И, коротко поцеловав его в щёку, девушка поспешно исчезла в сумерках. А Антон так и остался стоять, озадаченно скребя в затылке.

Всё это до малейших подробностей вспомнилось ему сейчас, когда он, уйдя с пристани, медленно брёл по берегу. А тут ещё этот странный и страшный человек на пароходе. Ерунда, конечно, пустые страхи, но кто знает… Антон тяжко вздохнул, расправил спину и зашагал в сторону трамвайной остановки.

И вдруг… Голову, что ли, напекло, чудится? Имя своё он услышал. Окликнули его. Тихо, тоненько. И голос. Дашкин голос, из тысячи узнаешь, не перепутаешь. Вздор! Она же сейчас на пароходе! Даже оборачиваться не стал. А в груди тоскливо закололо. Плохой это знак. Очень плохой.

– Антон! – снова донеслось до него.

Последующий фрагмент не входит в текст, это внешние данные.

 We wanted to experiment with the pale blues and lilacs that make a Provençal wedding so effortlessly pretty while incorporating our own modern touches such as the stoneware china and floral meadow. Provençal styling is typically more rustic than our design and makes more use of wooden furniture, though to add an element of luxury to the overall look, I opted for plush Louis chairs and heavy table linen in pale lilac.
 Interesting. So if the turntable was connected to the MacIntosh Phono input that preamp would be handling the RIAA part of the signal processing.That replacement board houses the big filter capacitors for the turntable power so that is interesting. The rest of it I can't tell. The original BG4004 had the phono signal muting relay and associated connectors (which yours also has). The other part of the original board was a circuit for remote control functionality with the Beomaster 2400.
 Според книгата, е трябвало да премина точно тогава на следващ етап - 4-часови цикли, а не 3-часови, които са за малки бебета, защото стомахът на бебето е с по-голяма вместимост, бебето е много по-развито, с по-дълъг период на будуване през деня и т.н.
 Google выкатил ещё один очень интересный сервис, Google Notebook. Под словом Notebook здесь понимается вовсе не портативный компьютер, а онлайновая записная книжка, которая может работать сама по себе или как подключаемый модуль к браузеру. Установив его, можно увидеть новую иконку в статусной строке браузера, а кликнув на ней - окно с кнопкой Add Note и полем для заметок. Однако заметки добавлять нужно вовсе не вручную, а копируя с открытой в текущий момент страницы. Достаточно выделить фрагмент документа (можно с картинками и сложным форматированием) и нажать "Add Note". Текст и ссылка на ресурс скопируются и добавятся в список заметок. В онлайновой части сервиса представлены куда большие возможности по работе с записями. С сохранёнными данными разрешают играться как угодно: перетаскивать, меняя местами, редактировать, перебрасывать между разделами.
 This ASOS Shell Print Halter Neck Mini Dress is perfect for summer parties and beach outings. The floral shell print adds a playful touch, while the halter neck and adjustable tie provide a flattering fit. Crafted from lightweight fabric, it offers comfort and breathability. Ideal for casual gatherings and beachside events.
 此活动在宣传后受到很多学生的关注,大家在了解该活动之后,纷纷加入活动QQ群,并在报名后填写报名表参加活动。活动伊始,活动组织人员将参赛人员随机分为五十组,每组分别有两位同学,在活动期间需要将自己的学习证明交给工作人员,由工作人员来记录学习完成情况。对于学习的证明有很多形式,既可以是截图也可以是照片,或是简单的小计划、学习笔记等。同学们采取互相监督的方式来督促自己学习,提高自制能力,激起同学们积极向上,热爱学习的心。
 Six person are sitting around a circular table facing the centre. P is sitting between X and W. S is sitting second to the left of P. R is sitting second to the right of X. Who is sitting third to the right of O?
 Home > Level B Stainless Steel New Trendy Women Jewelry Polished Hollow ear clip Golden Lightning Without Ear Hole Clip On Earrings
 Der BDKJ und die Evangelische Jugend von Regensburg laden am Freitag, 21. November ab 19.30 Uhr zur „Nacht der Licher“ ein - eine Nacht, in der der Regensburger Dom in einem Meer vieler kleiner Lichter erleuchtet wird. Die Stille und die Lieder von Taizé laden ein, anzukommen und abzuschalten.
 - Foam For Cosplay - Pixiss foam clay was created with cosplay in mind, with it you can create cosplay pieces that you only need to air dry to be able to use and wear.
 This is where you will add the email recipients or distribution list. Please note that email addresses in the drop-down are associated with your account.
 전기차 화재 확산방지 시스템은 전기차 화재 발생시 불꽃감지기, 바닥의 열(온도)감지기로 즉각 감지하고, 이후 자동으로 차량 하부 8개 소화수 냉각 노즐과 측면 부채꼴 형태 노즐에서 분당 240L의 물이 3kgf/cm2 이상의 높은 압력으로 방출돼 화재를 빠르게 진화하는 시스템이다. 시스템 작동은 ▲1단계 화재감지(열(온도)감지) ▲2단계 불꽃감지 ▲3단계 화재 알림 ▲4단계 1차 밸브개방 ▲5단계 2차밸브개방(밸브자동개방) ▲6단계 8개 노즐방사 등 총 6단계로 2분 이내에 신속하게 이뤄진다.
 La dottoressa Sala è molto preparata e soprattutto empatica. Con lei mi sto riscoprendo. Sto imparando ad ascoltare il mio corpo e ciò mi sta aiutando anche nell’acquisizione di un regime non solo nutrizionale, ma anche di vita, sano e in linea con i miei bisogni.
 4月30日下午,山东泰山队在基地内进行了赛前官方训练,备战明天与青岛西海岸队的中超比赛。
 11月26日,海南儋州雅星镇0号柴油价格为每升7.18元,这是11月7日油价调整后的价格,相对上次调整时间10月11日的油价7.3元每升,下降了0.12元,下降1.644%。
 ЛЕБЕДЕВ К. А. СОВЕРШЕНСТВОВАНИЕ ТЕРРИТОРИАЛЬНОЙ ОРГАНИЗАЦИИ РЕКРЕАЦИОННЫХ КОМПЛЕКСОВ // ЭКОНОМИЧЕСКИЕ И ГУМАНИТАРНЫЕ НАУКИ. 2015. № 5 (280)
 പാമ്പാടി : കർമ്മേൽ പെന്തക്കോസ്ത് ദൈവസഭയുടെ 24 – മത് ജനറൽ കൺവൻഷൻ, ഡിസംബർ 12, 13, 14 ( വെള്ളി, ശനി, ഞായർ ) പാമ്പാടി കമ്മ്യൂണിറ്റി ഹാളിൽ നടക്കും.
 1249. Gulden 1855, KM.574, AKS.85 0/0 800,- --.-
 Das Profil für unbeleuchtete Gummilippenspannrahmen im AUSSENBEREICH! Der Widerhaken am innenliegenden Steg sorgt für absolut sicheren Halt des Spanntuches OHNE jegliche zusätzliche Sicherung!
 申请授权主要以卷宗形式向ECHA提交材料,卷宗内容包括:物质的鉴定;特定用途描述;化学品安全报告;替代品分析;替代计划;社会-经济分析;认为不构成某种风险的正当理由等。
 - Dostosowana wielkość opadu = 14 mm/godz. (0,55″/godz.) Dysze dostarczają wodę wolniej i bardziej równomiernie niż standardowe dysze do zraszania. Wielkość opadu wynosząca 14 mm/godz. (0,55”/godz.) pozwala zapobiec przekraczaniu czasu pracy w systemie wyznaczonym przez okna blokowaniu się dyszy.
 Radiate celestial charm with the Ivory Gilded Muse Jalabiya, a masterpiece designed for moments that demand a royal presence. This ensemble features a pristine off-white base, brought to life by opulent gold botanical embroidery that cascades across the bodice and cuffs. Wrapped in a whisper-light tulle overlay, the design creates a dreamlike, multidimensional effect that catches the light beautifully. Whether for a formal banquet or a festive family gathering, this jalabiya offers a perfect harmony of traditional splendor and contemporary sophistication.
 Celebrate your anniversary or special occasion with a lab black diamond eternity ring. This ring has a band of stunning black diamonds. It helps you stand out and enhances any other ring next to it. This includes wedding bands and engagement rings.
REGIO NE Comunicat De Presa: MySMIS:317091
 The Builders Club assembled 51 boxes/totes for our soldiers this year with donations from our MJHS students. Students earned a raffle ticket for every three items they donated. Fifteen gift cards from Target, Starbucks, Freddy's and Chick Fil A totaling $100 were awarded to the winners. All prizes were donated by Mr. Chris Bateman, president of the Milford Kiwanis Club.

Громче. Протяжнее. Отчаяннее. Но всё же приглушенно, боязливо.

– Дашка… – прошептал он. – Дашка! – крикнул во весь голос и заоглядывался. Вон, вон она, за деревом, по ту сторону рельс, будто прячется от кого…

И со всех ног бросился к ней.

– Дашка! Ты что… Как? Как ты здесь? – задыхаясь, захлёбываясь, выкрикнул Антон, подбегая к девушке. Она сидела за деревом на фанерном обтёрханном чемоданчике. Тут же, рядом, лежал толстый узел из старой жёлтой простыни. С бельём, наверное. Даша подняла голову, и большие, серые, полные слёз глаза с болью и мольбой вскинулись на Антона. И что-то жалкое, отдалённо похожее на улыбку, пробежало по припухшим бледным губам и впалым щекам.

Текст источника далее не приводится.